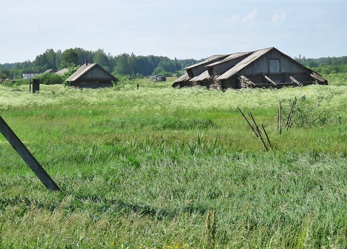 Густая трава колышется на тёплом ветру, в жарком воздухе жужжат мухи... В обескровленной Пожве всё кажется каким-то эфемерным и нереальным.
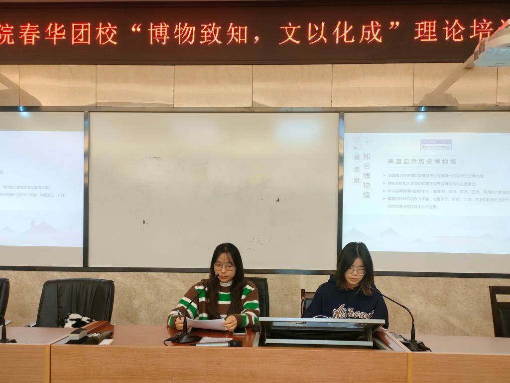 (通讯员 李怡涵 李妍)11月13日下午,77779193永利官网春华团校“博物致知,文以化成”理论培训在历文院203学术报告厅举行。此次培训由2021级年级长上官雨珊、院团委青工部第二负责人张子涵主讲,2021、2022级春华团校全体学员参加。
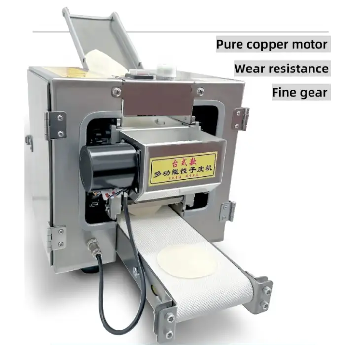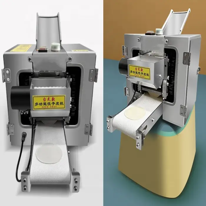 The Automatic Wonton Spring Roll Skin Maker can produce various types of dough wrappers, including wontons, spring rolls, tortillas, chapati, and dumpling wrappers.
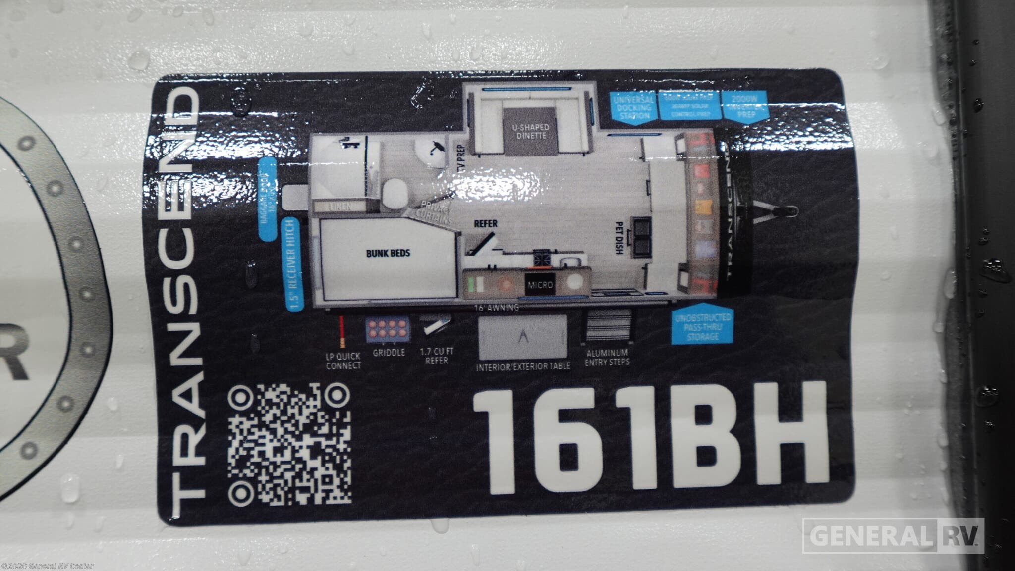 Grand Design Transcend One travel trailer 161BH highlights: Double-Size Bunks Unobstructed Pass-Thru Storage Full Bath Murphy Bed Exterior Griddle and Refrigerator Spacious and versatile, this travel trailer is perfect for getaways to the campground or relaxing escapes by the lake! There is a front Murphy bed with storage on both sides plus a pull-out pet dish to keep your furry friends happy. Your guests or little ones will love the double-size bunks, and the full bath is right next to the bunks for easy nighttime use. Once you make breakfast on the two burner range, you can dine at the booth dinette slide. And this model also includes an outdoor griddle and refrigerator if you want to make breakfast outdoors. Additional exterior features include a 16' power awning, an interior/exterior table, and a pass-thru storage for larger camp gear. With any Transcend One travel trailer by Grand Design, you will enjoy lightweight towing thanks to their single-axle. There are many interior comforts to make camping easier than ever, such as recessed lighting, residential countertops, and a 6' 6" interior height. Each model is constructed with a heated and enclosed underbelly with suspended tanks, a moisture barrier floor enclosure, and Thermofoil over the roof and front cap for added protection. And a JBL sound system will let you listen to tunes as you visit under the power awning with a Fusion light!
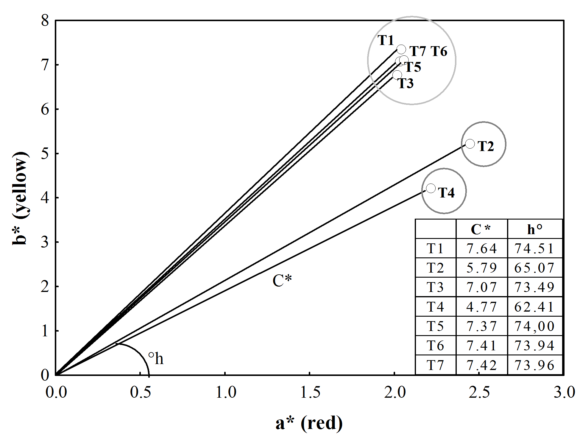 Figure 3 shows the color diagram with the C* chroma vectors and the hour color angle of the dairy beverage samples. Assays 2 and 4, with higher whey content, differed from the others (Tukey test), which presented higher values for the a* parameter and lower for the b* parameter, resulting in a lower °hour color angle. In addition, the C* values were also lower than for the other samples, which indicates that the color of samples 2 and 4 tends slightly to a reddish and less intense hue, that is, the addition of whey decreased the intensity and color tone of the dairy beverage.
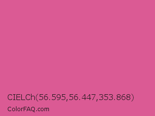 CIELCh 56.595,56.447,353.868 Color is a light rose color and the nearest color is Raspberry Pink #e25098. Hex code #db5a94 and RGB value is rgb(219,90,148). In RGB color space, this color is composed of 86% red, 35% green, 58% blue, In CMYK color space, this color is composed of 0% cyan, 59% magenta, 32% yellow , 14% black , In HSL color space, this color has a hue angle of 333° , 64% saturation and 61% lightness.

━━━━

- WORK INSTRUCTIONS
Write the entries above out again exactly, but not the pictures.

- COMPLETED TASK
 Густая трава колышется на тёплом ветру, в жарком воздухе жужжат мухи... В обескровленной Пожве всё кажется каким-то эфемерным и нереальным.
 (通讯员 李怡涵 李妍)11月13日下午,77779193永利官网春华团校“博物致知,文以化成”理论培训在历文院203学术报告厅举行。此次培训由2021级年级长上官雨珊、院团委青工部第二负责人张子涵主讲,2021、2022级春华团校全体学员参加。
 The Automatic Wonton Spring Roll Skin Maker can produce various types of dough wrappers, including wontons, spring rolls, tortillas, chapati, and dumpling wrappers.
 Grand Design Transcend One travel trailer 161BH highlights: Double-Size Bunks Unobstructed Pass-Thru Storage Full Bath Murphy Bed Exterior Griddle and Refrigerator Spacious and versatile, this travel trailer is perfect for getaways to the campground or relaxing escapes by the lake! There is a front Murphy bed with storage on both sides plus a pull-out pet dish to keep your furry friends happy. Your guests or little ones will love the double-size bunks, and the full bath is right next to the bunks for easy nighttime use. Once you make breakfast on the two burner range, you can dine at the booth dinette slide. And this model also includes an outdoor griddle and refrigerator if you want to make breakfast outdoors. Additional exterior features include a 16' power awning, an interior/exterior table, and a pass-thru storage for larger camp gear. With any Transcend One travel trailer by Grand Design, you will enjoy lightweight towing thanks to their single-axle. There are many interior comforts to make camping easier than ever, such as recessed lighting, residential countertops, and a 6' 6" interior height. Each model is constructed with a heated and enclosed underbelly with suspended tanks, a moisture barrier floor enclosure, and Thermofoil over the roof and front cap for added protection. And a JBL sound system will let you listen to tunes as you visit under the power awning with a Fusion light!
 Figure 3 shows the color diagram with the C* chroma vectors and the hour color angle of the dairy beverage samples. Assays 2 and 4, with higher whey content, differed from the others (Tukey test), which presented higher values for the a* parameter and lower for the b* parameter, resulting in a lower °hour color angle. In addition, the C* values were also lower than for the other samples, which indicates that the color of samples 2 and 4 tends slightly to a reddish and less intense hue, that is, the addition of whey decreased the intensity and color tone of the dairy beverage.
 CIELCh 56.595,56.447,353.868 Color is a light rose color and the nearest color is Raspberry Pink #e25098. Hex code #db5a94 and RGB value is rgb(219,90,148). In RGB color space, this color is composed of 86% red, 35% green, 58% blue, In CMYK color space, this color is composed of 0% cyan, 59% magenta, 32% yellow , 14% black , In HSL color space, this color has a hue angle of 333° , 64% saturation and 61% lightness.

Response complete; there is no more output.